*** Information supplied
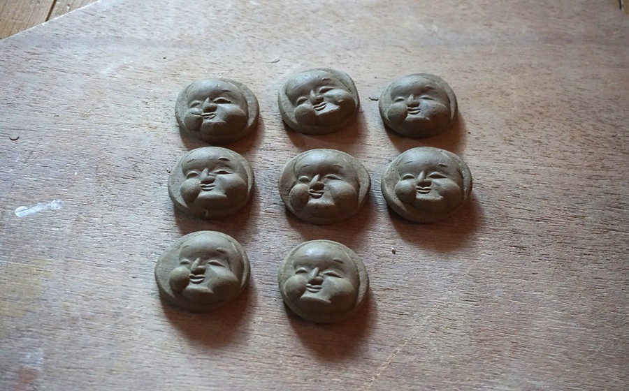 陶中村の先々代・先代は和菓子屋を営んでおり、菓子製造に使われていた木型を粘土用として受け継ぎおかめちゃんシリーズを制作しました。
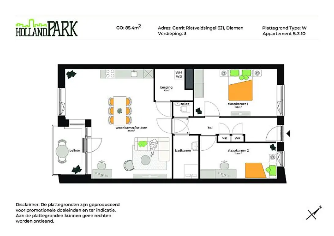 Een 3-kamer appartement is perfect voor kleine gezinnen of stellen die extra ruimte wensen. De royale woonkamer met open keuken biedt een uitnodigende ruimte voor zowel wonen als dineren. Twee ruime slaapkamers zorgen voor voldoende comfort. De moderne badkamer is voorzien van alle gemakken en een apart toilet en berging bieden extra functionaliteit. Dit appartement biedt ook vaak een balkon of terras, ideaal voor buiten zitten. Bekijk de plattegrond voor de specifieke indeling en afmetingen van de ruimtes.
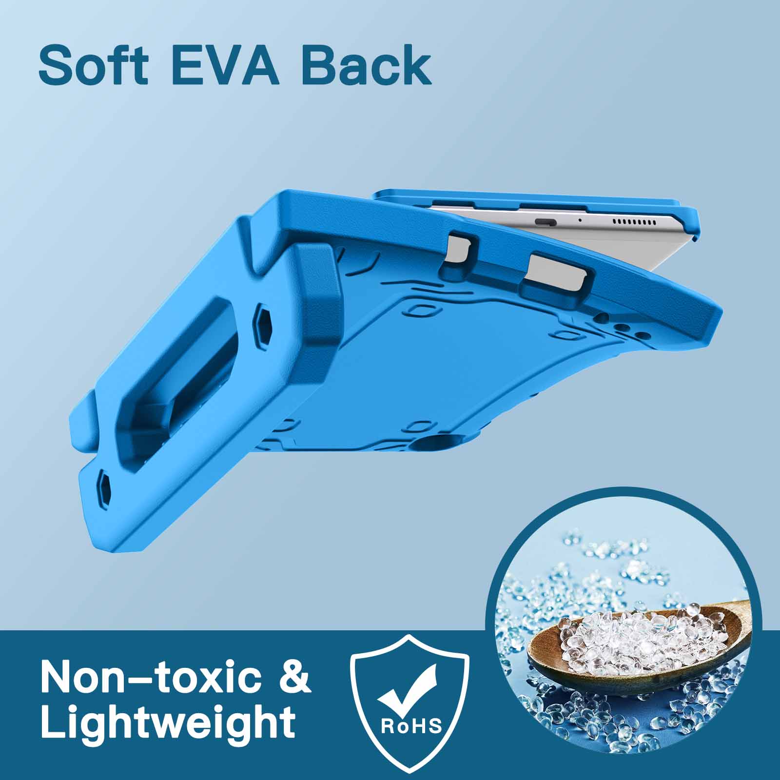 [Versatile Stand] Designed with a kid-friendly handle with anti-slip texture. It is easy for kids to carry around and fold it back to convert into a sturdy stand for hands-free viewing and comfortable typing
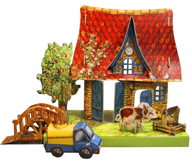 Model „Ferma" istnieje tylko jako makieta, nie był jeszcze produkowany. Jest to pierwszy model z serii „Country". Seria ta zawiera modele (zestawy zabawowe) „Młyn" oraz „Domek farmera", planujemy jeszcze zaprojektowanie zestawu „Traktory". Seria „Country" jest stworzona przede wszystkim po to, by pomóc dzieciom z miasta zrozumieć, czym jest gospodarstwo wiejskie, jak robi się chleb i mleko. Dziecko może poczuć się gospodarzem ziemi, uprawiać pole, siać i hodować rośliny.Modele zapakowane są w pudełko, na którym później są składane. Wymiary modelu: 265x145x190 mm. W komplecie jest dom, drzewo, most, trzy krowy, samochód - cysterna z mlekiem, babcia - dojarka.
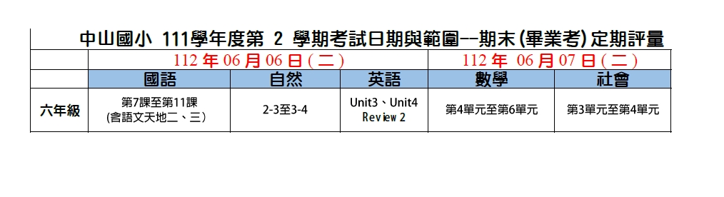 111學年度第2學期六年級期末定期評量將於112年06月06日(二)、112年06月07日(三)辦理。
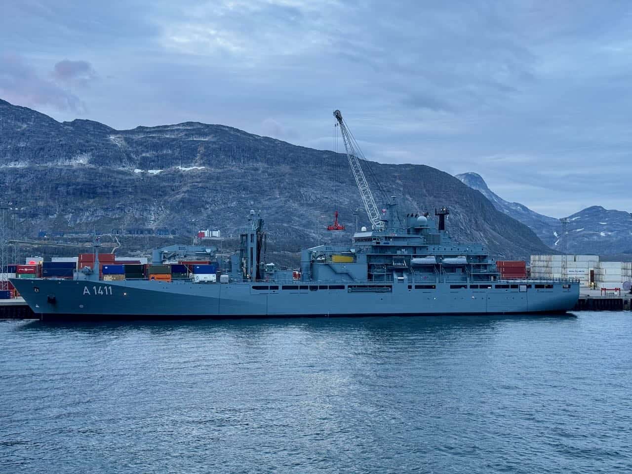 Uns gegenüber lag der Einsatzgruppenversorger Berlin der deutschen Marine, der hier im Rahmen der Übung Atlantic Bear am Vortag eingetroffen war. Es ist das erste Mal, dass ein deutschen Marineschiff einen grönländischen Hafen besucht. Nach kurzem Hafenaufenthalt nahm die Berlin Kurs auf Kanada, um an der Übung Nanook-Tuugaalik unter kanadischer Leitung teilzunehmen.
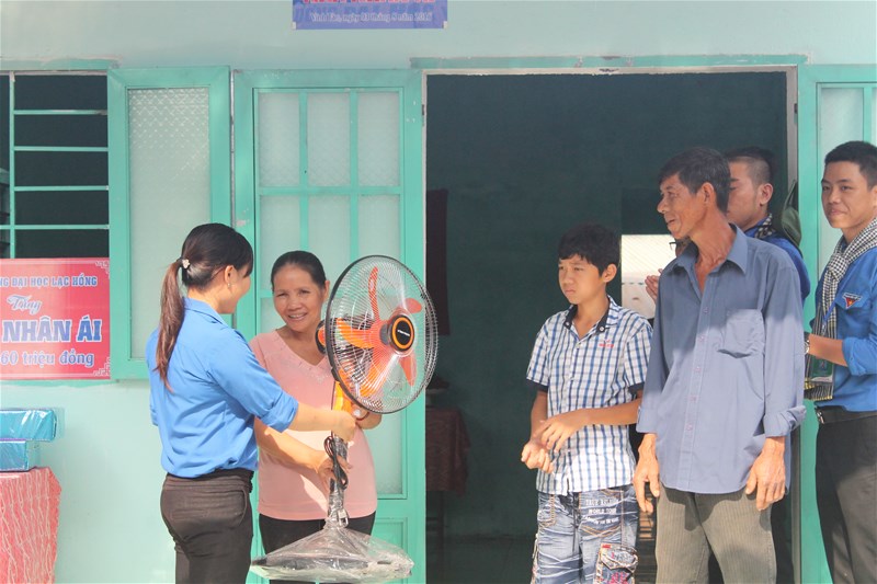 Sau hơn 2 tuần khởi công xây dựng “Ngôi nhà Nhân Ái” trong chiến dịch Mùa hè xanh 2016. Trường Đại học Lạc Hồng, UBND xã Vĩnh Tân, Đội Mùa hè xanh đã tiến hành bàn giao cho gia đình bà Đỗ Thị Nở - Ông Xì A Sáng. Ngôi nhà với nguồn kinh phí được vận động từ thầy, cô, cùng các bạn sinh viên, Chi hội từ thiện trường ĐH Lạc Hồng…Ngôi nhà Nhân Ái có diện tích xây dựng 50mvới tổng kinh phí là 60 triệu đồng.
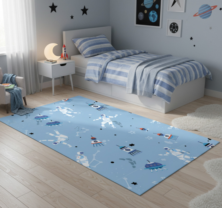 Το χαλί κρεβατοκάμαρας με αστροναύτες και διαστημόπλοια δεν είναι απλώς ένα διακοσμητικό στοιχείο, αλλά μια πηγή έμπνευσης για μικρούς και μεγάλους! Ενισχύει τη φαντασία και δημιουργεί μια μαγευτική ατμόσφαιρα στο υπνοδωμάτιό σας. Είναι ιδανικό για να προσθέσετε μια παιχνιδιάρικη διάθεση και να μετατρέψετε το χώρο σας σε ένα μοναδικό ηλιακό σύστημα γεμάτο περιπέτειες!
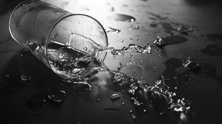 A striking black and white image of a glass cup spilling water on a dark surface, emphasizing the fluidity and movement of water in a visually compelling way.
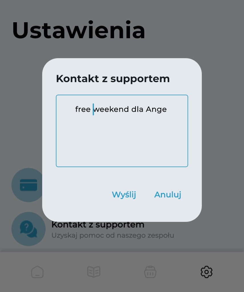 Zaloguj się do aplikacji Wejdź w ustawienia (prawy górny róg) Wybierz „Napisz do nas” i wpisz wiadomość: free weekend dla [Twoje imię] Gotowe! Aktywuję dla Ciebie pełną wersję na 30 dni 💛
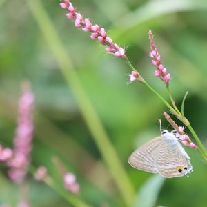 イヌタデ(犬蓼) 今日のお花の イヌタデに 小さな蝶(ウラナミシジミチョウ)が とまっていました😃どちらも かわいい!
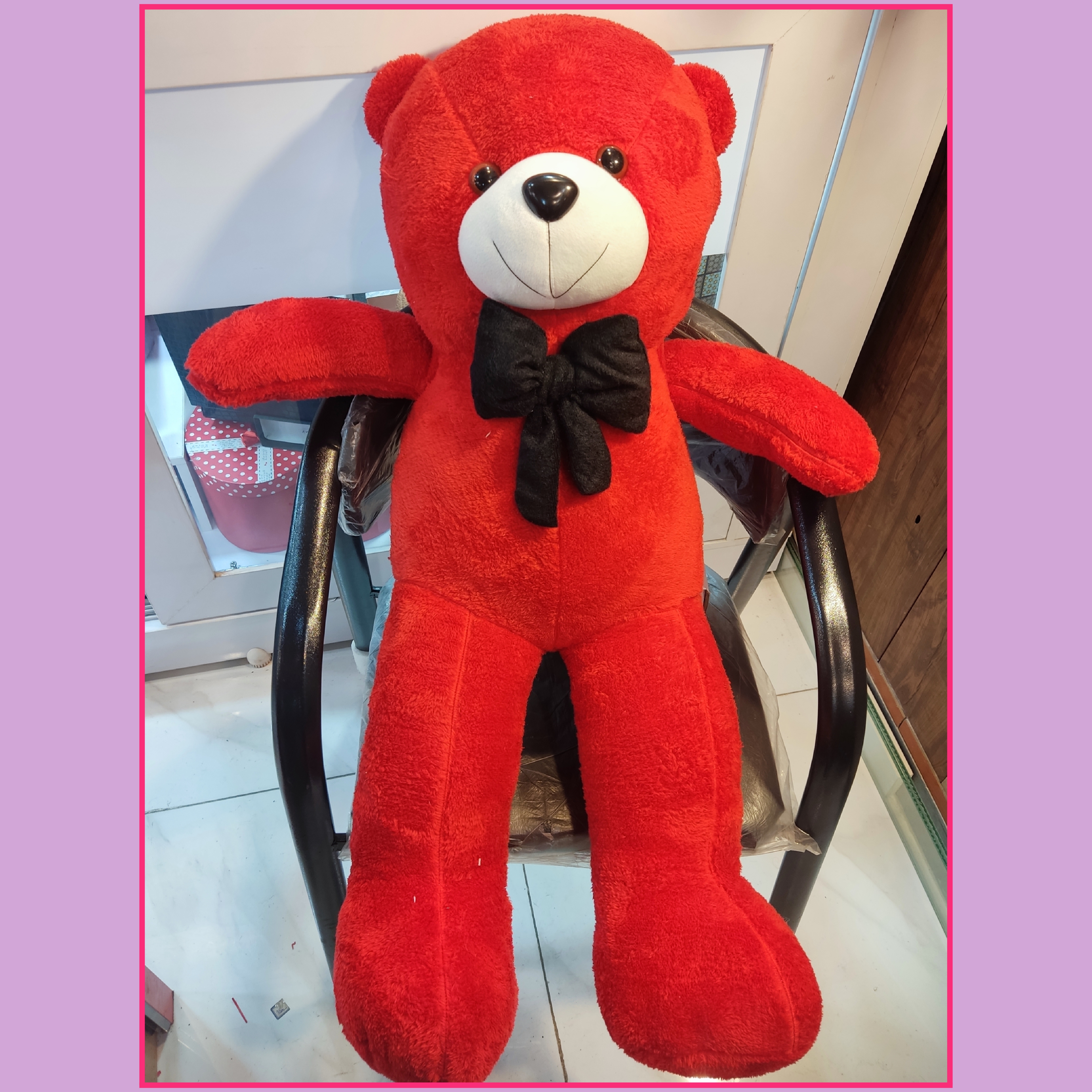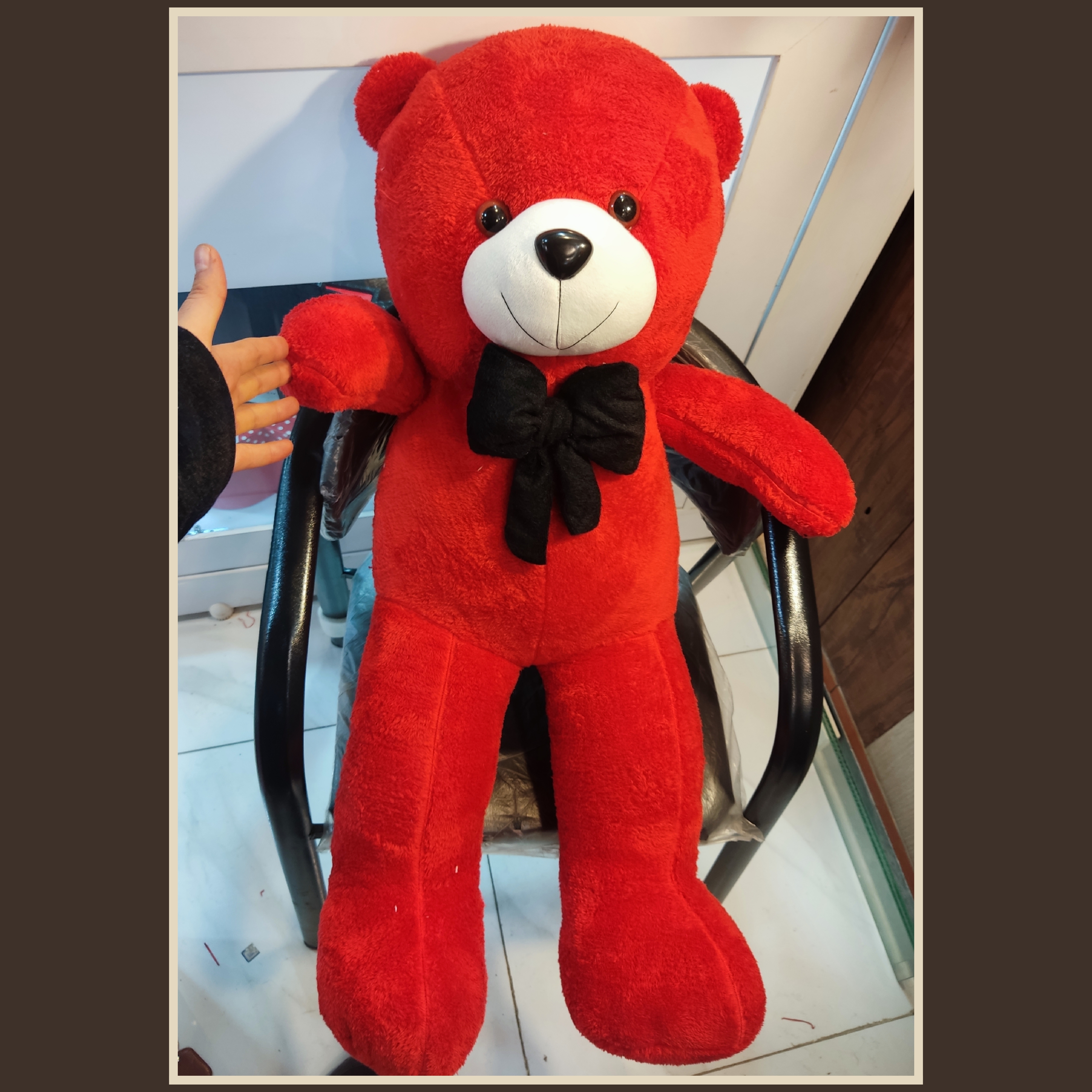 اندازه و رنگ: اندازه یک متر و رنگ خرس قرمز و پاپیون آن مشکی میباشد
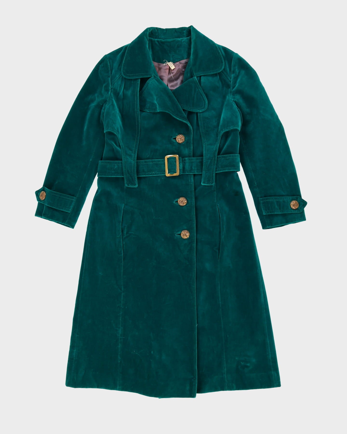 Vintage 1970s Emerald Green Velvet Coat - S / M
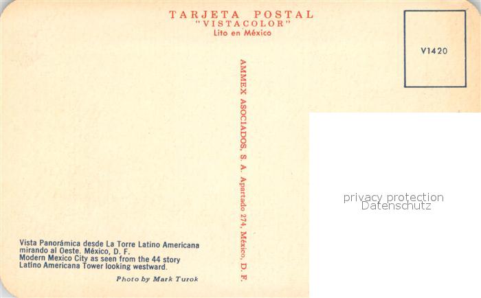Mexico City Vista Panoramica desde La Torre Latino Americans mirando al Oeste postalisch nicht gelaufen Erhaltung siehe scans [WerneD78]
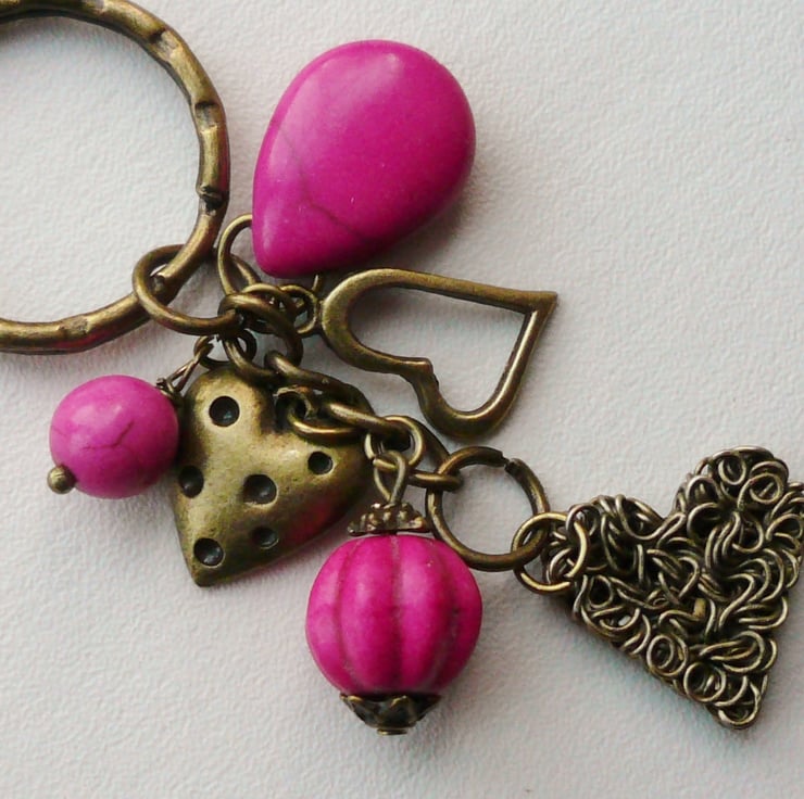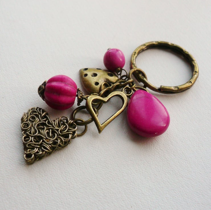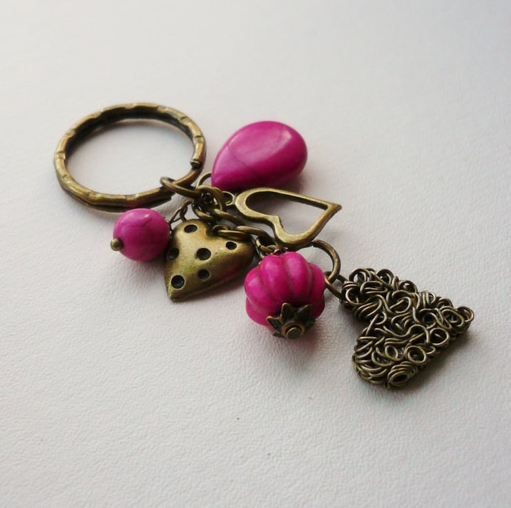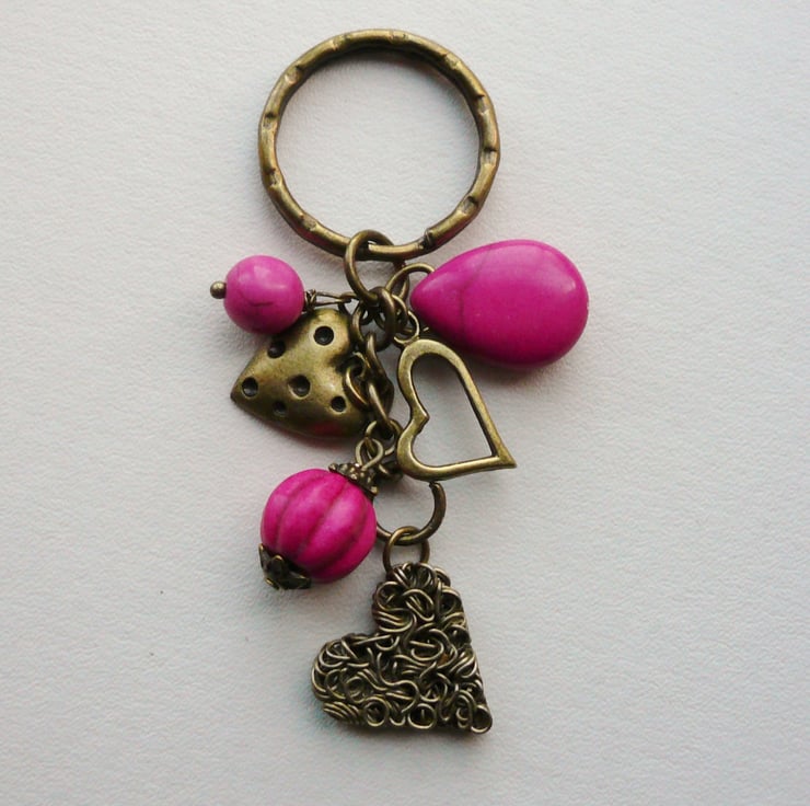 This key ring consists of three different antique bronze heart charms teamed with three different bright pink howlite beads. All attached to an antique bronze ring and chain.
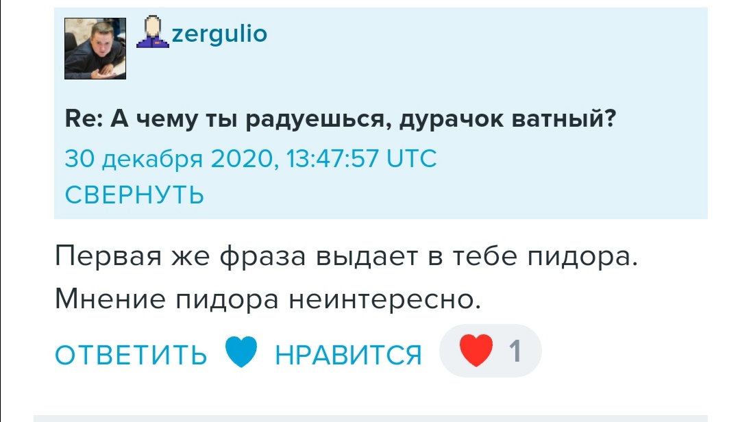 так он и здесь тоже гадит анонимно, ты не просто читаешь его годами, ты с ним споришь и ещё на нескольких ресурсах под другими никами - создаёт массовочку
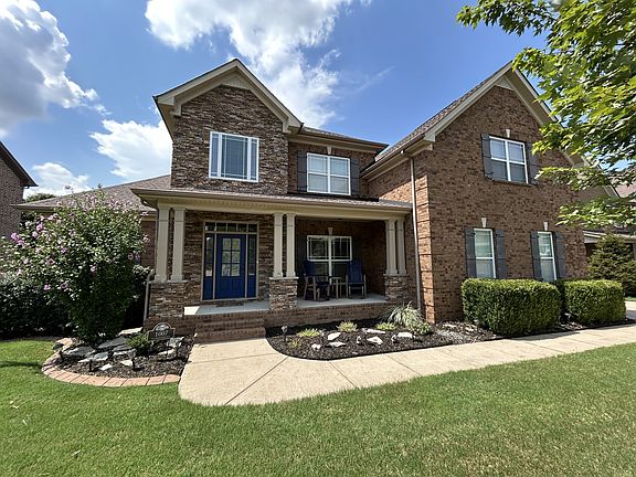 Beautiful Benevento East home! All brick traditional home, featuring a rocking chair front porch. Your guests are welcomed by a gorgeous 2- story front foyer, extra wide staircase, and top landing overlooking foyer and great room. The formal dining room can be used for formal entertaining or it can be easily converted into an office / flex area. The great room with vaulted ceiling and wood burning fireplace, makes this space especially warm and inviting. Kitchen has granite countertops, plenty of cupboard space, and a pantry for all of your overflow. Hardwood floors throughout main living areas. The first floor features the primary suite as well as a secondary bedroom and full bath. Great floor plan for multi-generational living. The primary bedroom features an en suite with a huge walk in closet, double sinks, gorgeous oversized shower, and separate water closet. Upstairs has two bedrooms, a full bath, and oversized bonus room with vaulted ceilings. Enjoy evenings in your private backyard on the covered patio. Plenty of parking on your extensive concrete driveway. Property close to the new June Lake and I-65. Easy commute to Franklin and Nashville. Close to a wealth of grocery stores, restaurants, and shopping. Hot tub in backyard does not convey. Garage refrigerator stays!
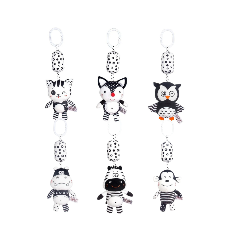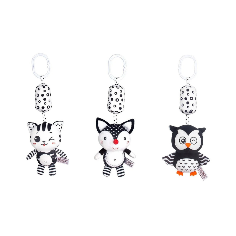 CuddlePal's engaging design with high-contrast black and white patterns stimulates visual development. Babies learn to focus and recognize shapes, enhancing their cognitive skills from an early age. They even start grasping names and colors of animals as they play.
******
Using the data above, print only the lines starting at the one with "Zaloguj się do" and ending at the one with "Vintage 1970s Emerald", exactly as they stand, minus the pictures.

Task output:
 Zaloguj się do aplikacji Wejdź w ustawienia (prawy górny róg) Wybierz „Napisz do nas” i wpisz wiadomość: free weekend dla [Twoje imię] Gotowe! Aktywuję dla Ciebie pełną wersję na 30 dni 💛
 イヌタデ(犬蓼) 今日のお花の イヌタデに 小さな蝶(ウラナミシジミチョウ)が とまっていました😃どちらも かわいい!
 اندازه و رنگ: اندازه یک متر و رنگ خرس قرمز و پاپیون آن مشکی میباشد
 Vintage 1970s Emerald Green Velvet Coat - S / M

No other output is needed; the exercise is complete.